Das Ende der Geschichte ist hinlänglich bekannt. Stevens wurde am Sonntag abgesagt, Cardoso temporär befördert. Dabei ist immer noch fraglich, ob der HSV tatsächlich einen zeitlichen Aufschub für den lizenzlosen Cardoso erwarten kann. "In erster Linie stützen wir uns auf die Statuten", sagte Andreas Nagel, Direktor Spielbetrieb bei der Deutschen Fußball-Liga (DFL). Markus Weidner vom Deutschen Fußball-Bund (DFB) ging noch einen Schritt weiter. "Ich möchte dem Entschluss nicht vorgreifen, aber die Erfolgsaussichten sind gering", sagte der Abteilungsleiter Trainerausbildung. Lediglich Cardoso ("Auf lange Sicht bleibe ich sicher nicht") scheint die ungewisse Zukunft nur begrenzt zu tangieren, seine Konzentration gelte dem Spiel gegen Schalke. "Wir werden unsere Taktik nicht ändern", sagt der Noch-HSV-Trainer, der zuletzt in Stuttgart mit mutigem Offensivfußball begeistert hatte, sich in den nächsten Tagen aber zunehmender Konkurrenz auf der eigenen Position erwehren muss.

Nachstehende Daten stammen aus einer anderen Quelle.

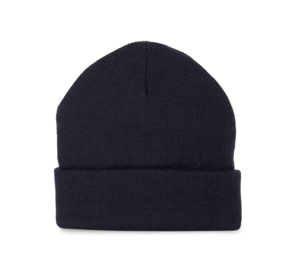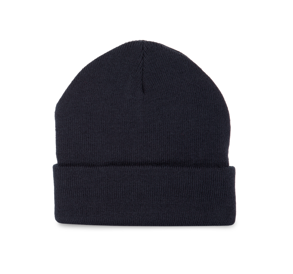 50 % Polyester, 50 % Acryl. Strickmütze mit Umschlag aus Acryl und recyceltem Polyester. Markenetikett zum Abreißen.

Die Suche nach einem neuen Trainer läuft hinter den Kulissen nach der Stevens-Episode wieder auf Hochtouren. Wie das Abendblatt erfuhr, wurde zuletzt ernsthaft über den Serben Dragan Stojkovic nachgedacht, der seit 2008 erfolgreich Grampus Eight Nagoya in der japanischen J-League trainiert. Und obwohl Sportchef Frank Arnesen bekennender Fan des 46-Jährigen ist, genießt eine Verpflichtung des polyglotten Stojkovic, der Englisch, Französisch und Serbisch, aber kein Deutsch spricht, keine Priorität - im Gegensatz zu Wunschkandidat Morten Olsen.

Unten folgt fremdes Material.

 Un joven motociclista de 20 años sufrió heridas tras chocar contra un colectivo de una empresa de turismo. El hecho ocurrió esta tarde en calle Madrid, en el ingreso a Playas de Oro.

Tatsächlich ist eine Verpflichtung des dänischen Nationaltrainers gestern noch einmal wahrscheinlicher geworden - Michael Laudrup sei Dank. Der frühere Nationalspieler ist am Dienstag nach einem Streit mit der Vereinsführung beim RCD Mallorca zurückgetreten. "Es kann nicht sein, dass ich jeden Tag frustriert nach Hause gehe", sagte der 47-Jährige, auf den nun eine umso reizvollere Aufgabe in der Heimat wartet. So hat der Rücktritt Laudrups in Dänemark eine Kettenreaktion ausgelöst, von deren Ende auch der HSV profitieren könnte. Der Plan: Laudrup, der im März selbst einer von vier Top-Kandidaten in Hamburg war, soll bereits zeitnah Olsen als Nationaltrainer beerben, der dann wiederum für den HSV zur Verfügung stünde. "Es wäre eine neue Situation, wenn Dänemark sich nicht für die EM qualifizieren sollte", sagte Lars Berendt, Pressechef des dänischen Verbandes, der Agentur dpa. Olsen selbst wollte ein HSV-Interesse grundsätzlich nicht dementieren.

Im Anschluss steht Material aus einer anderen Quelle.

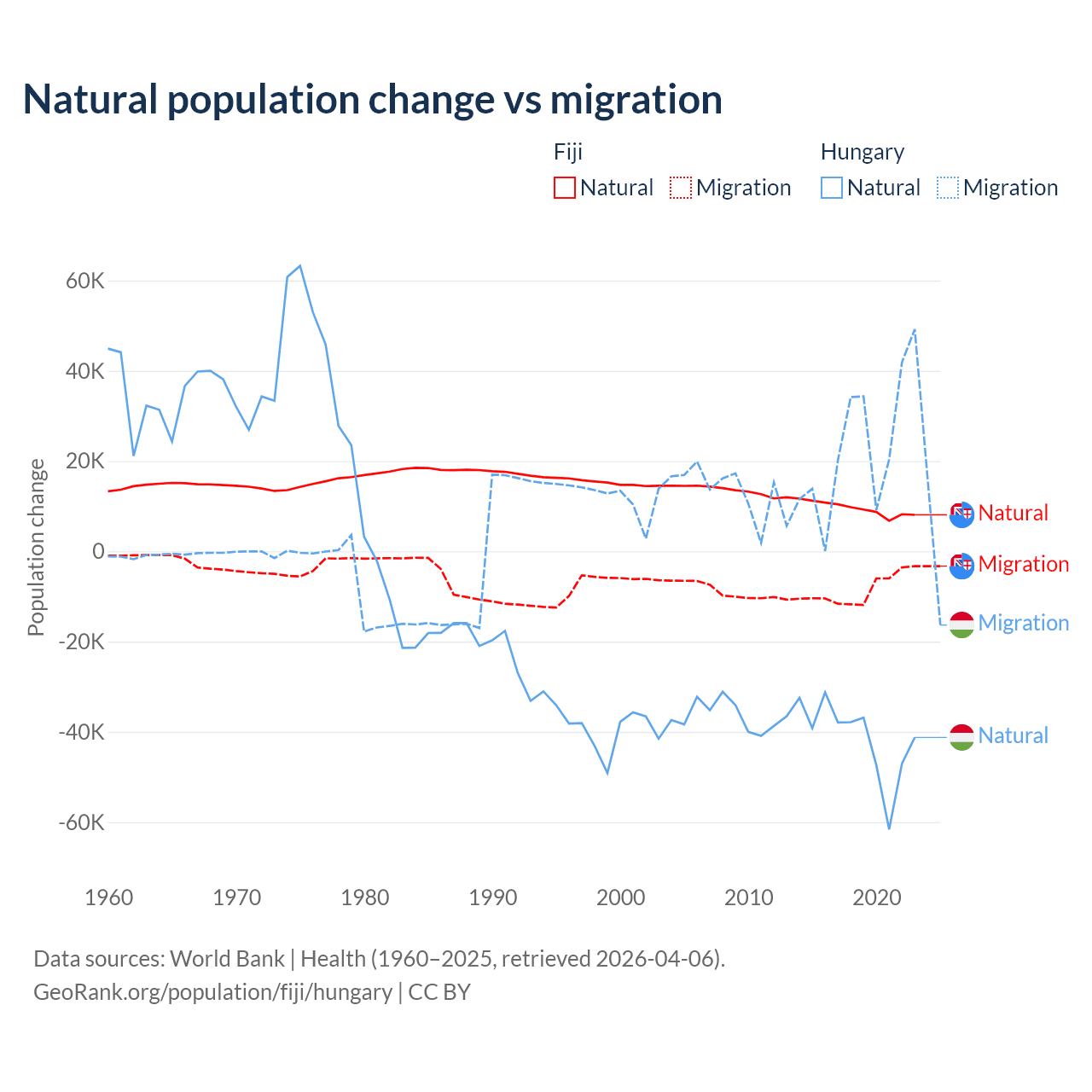 Over the last 10 years, 52.6% of the population change in Fiji is from natural causes (a gain of 94,971 people) and 47.4% is from migration (a loss of 85,415 people). In Hungary 63.7% is from natural causes (a loss of 412,838 people) and 36.3% is from migration (a gain of 234,837 people).

Über all das will sich Cardoso gar nicht erst den Kopf zerbrechen. Während mittlerweile die ersten PorträtFotos von Vorgänger Michael Oenning, der gestern seinen 46. Geburtstag in New York feierte, im Stadion abgenommen wurden, will der Argentinier seine Duftmarke als Trainer beim HSV noch setzen - gerne mit einem Sieg am Sonntag. Gegen Schalke. Und gegen Stevens.